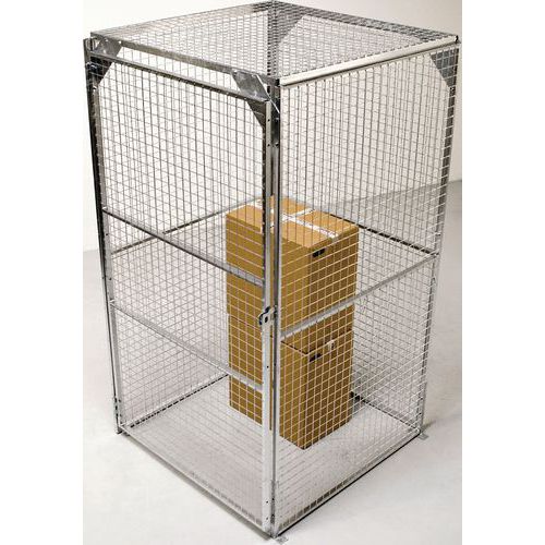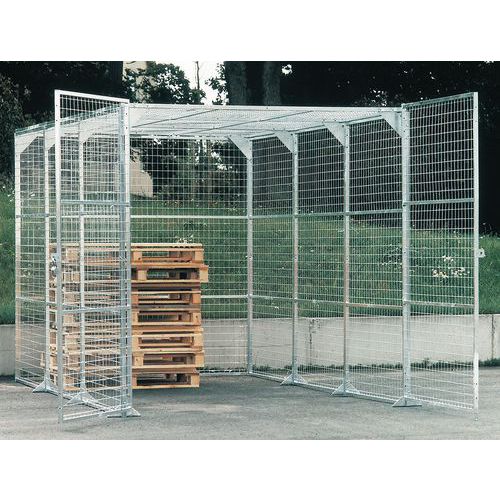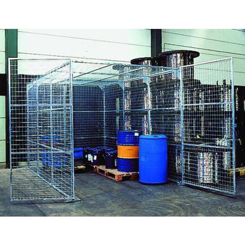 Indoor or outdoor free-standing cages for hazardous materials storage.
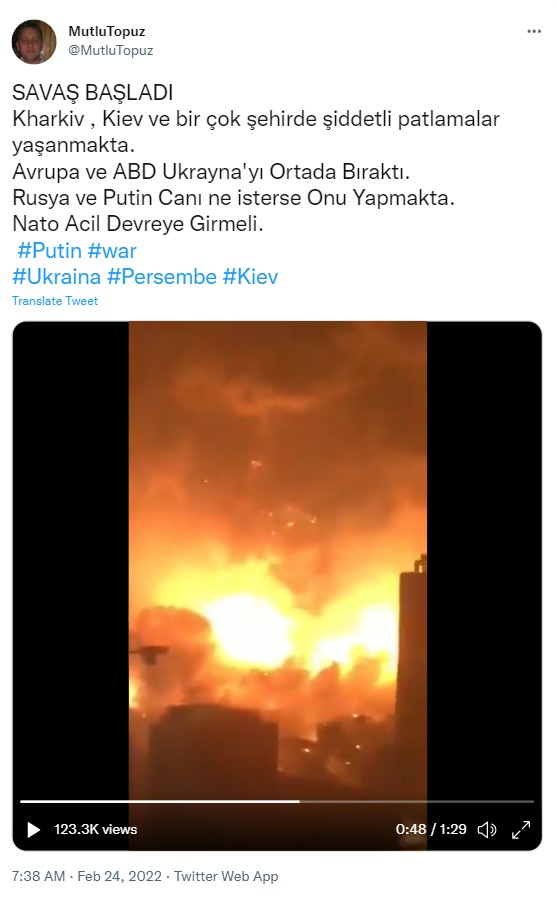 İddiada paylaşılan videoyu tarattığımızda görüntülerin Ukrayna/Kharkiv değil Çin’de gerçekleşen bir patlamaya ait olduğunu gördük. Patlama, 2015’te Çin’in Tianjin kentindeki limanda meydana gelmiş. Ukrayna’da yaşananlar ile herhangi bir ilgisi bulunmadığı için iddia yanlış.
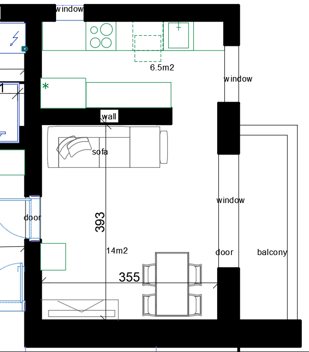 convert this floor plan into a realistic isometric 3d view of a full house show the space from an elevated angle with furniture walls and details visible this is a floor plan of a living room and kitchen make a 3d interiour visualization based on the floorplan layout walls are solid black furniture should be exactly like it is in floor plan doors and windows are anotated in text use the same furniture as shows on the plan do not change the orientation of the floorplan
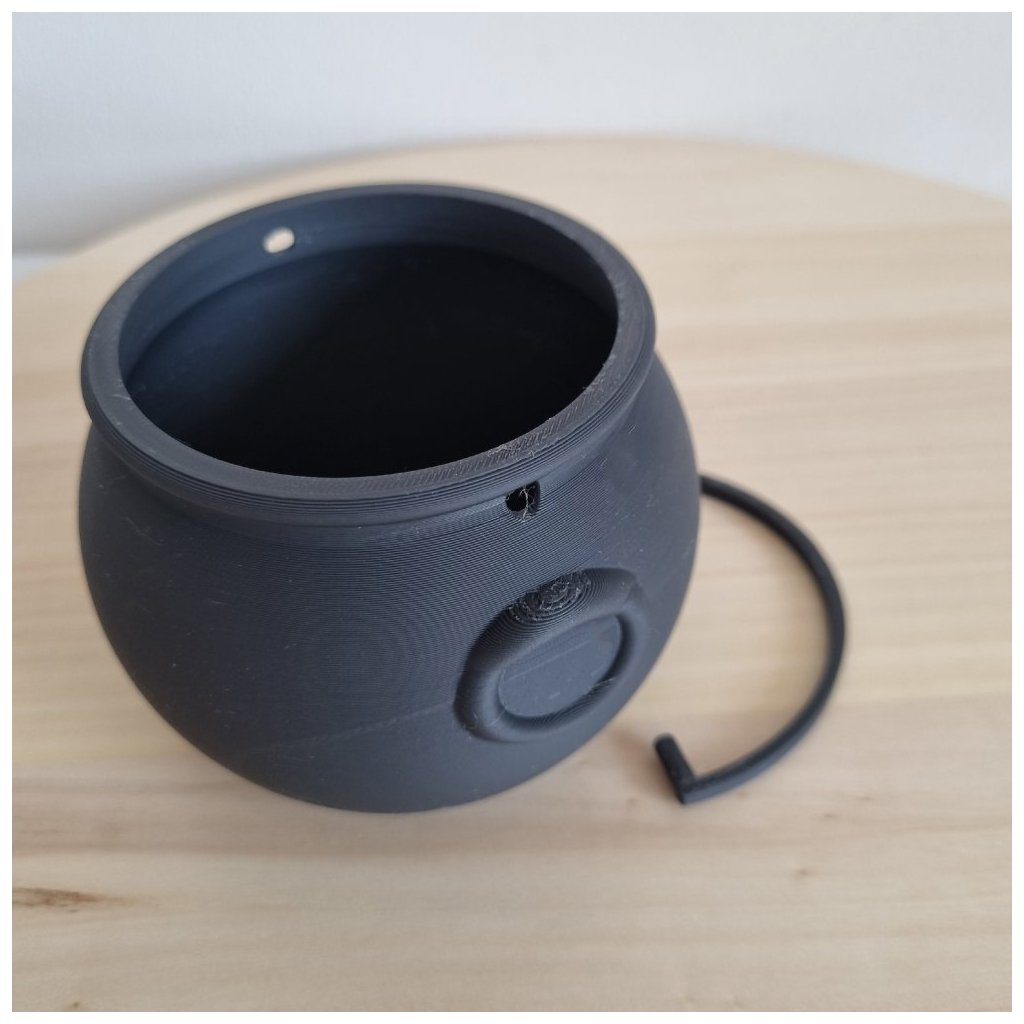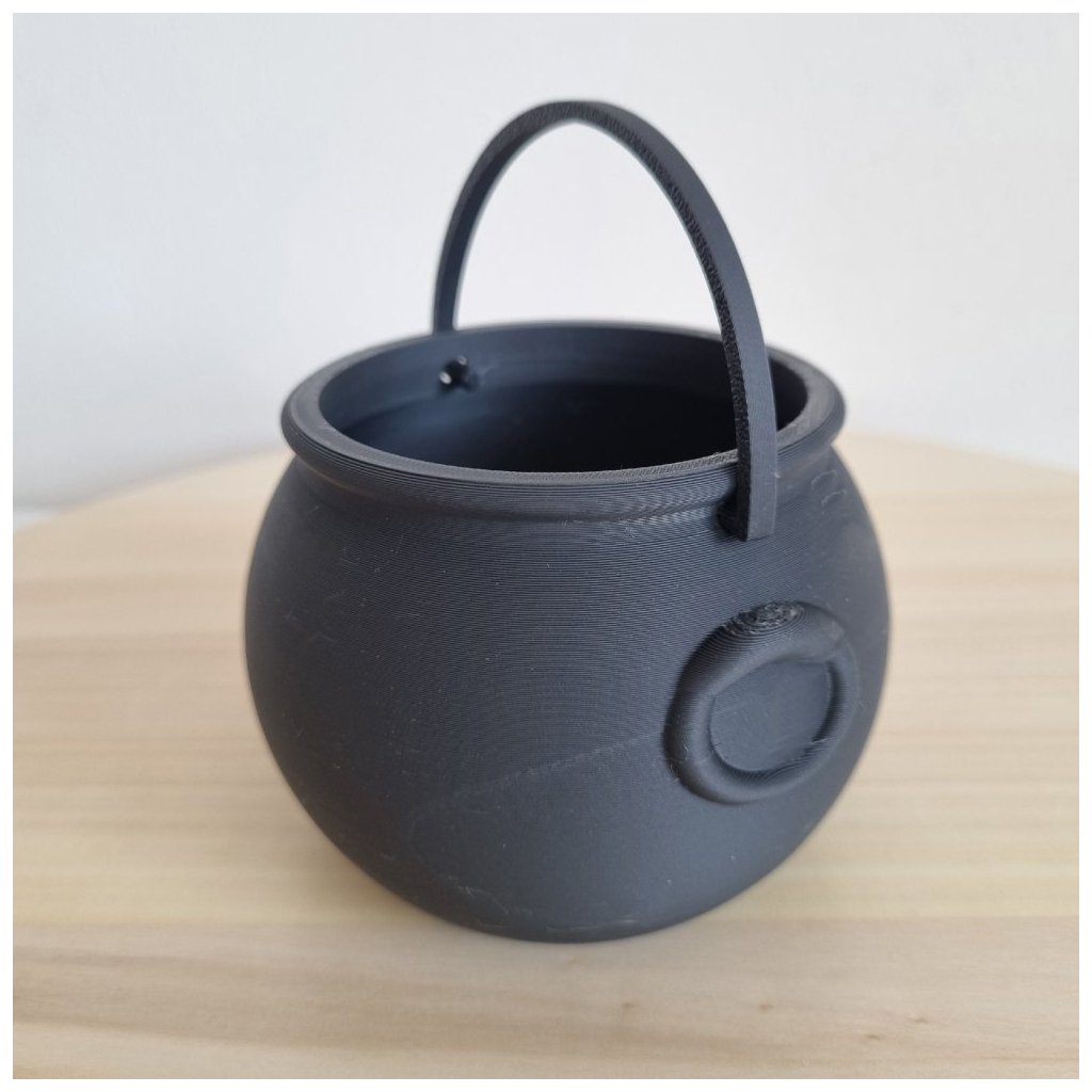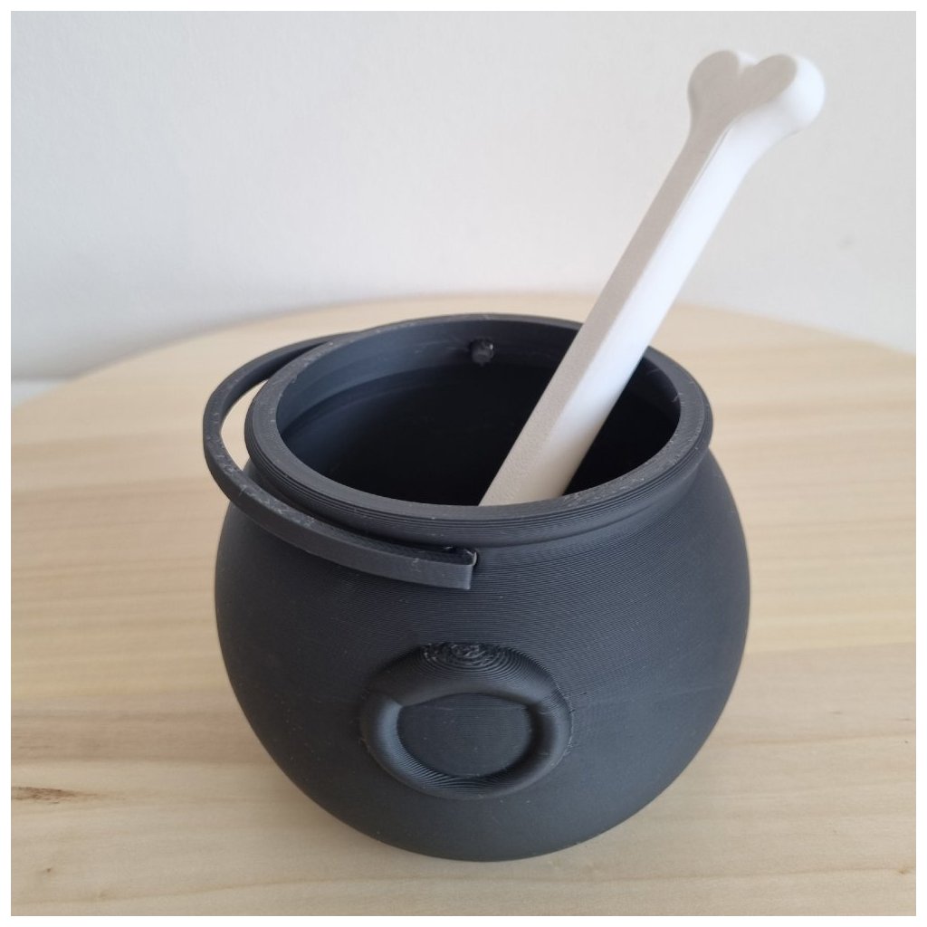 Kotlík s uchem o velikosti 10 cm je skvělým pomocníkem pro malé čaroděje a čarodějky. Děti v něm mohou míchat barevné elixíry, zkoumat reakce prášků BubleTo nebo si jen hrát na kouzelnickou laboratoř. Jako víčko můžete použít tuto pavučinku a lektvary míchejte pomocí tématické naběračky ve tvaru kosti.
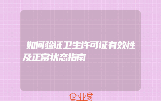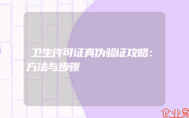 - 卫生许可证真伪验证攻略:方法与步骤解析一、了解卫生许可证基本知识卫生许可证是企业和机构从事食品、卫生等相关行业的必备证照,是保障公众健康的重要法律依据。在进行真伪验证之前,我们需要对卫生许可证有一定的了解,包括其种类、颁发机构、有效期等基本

ACTION ITEM
Output the listing unchanged, pictures excluded.

RESULT
 Indoor or outdoor free-standing cages for hazardous materials storage.
 İddiada paylaşılan videoyu tarattığımızda görüntülerin Ukrayna/Kharkiv değil Çin’de gerçekleşen bir patlamaya ait olduğunu gördük. Patlama, 2015’te Çin’in Tianjin kentindeki limanda meydana gelmiş. Ukrayna’da yaşananlar ile herhangi bir ilgisi bulunmadığı için iddia yanlış.
 convert this floor plan into a realistic isometric 3d view of a full house show the space from an elevated angle with furniture walls and details visible this is a floor plan of a living room and kitchen make a 3d interiour visualization based on the floorplan layout walls are solid black furniture should be exactly like it is in floor plan doors and windows are anotated in text use the same furniture as shows on the plan do not change the orientation of the floorplan
 Kotlík s uchem o velikosti 10 cm je skvělým pomocníkem pro malé čaroděje a čarodějky. Děti v něm mohou míchat barevné elixíry, zkoumat reakce prášků BubleTo nebo si jen hrát na kouzelnickou laboratoř. Jako víčko můžete použít tuto pavučinku a lektvary míchejte pomocí tématické naběračky ve tvaru kosti.
 - 卫生许可证真伪验证攻略:方法与步骤解析一、了解卫生许可证基本知识卫生许可证是企业和机构从事食品、卫生等相关行业的必备证照,是保障公众健康的重要法律依据。在进行真伪验证之前,我们需要对卫生许可证有一定的了解,包括其种类、颁发机构、有效期等基本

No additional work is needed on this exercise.